I got the new Captain Leopold story collection by Ed Hoch from Crippen & Landru, but before I read it (these stories were published between 1981 and 2000), I discovered there was an earlier collection of Leopold stories, LEOPOLD'S WAY, published in 1985, which begins with the first of his stories, "Circus" (1962). I got an ebook copy from the library and I'm reading it first. There were over 100 Leopold stories, police procedurals without the supernatural of impossible crime elements in some of Hoch's other series. I will say I was disturbed by the story "End of the Day" (1970), as Hoch has Leopold's assistant, Sergeant Fletcher, angrily refer to another character as a "fag" when angry. Leopold later things about it and seems to excuse the slur as coming in the heat of an angry moment, but it bothered me. It was unnecessary and added nothing to the story.

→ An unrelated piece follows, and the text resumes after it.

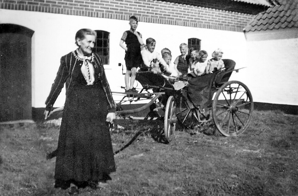 Thomine Juliane og børnebørn på jumben i Lille Gøgsig, Tuen. (Bente Nielsen-Gøgsig(1941) husker i øvrigt, at hun har fået tur i jumben som lille).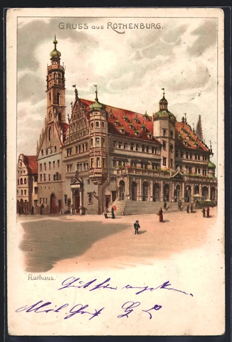 Lithographie Rothenburg / Tauber, Rathaus, Aussenansicht

pattinase (abbott) said...

In 1970 that language was much more common. So the question is if you reprint to you make changes. I say yes. But I will cut slack when it is the original text. For words at least if not for actions. You even hear such terms on TV shows of the day. Almost every episode of FRIENDS takes shots at both gay people and overweight people.

Kevin R. Tipple said...

So very sorry about your friend, Patti.

TracyK said...

Very sorry to hear about your friend, Patti.

Elinor Lipman was an author that I looked for several times at the book sale, because they continue to add new books throughout. I looked both for novels and short stories, but never could find anything. I also looked for both Andre Dubus II and III, with no luck. You never know what / who you will find at the book sale.

Todd Mason said...

Further condolence for your friend Robin, Paitti. I have a friend in recovery from a fall, and others muddling through, as am I...

I might put a late one together today, but part of what tied it together was Anthony Boucher obits, so maybe not.

Todd Mason said...

Jeff, as I mentioned last week, that wasn't (perhaps only technically) the first Leopold story, even if it's the first to make him central.

Alas, Patti's right--inults such as that remained rife in '70s...was it supposed to suggest thuggery/jerkishness in the character? One might elide It today--"He used an epithet."--but I'm not sure I'd revise it. I suppose "trigger warnings" do have their place.

Todd Mason said...

And sorry for you recent losses, Jeff. A Lot of friends of friends and acquaintances of late.

Todd Mason said...

So, New Cat wanted to take a nap on me late this afternoon, so I read or reread a few more stories in the EQMM issue I was reading for SSW, and the Edward Hoch story was part of his Rand series, espionage fiction, and the Briton Rand's young associate is queried by Rand if the junior colleague thinks his new female acquaintance, a Caucasian newsmagazine reporter, might be the Chinese spy that they expect to arrive, and he responds, "Her eyes don't slant." Well, this guy is supposed to be a bit callow, but I think Hoch definitely wanted to add a bit of jarring grit to the machine...I'll note also that my cohabitant Alice's eyes don't slant, either.
“The past is a foreign country..." as L. P. Hartley famously noted...and some of us will still do as they did Back Home, while others want our New World.

pattinase (abbott) said...

This kind of thing is hard to tolerate now. I just heard a discussion on where Gael Garcia Bernal, a straight male, should be playing a gay man in Cassandro. I just don't know. Does this mean we cannot imagine ourselves in any other body?

Todd Mason said...

It's a balancing act...keeping in mind so much bad imposture there's been in years past, and still, in various forms of narrative art. It would be a very narcissistic or even solipsistic world if storytellers of various sorts could only present characters of their own descriptions...how many stories or scripts could I write about balding middle-aged Anglo-Italian-Cherokee-French men with facial scars exclusively? (How many do we have already?)

Doing the work as honestly and responsibly as one can is mostly what's asked of us, I think...and That Takes Effort.

And some characters will be asses and bigots.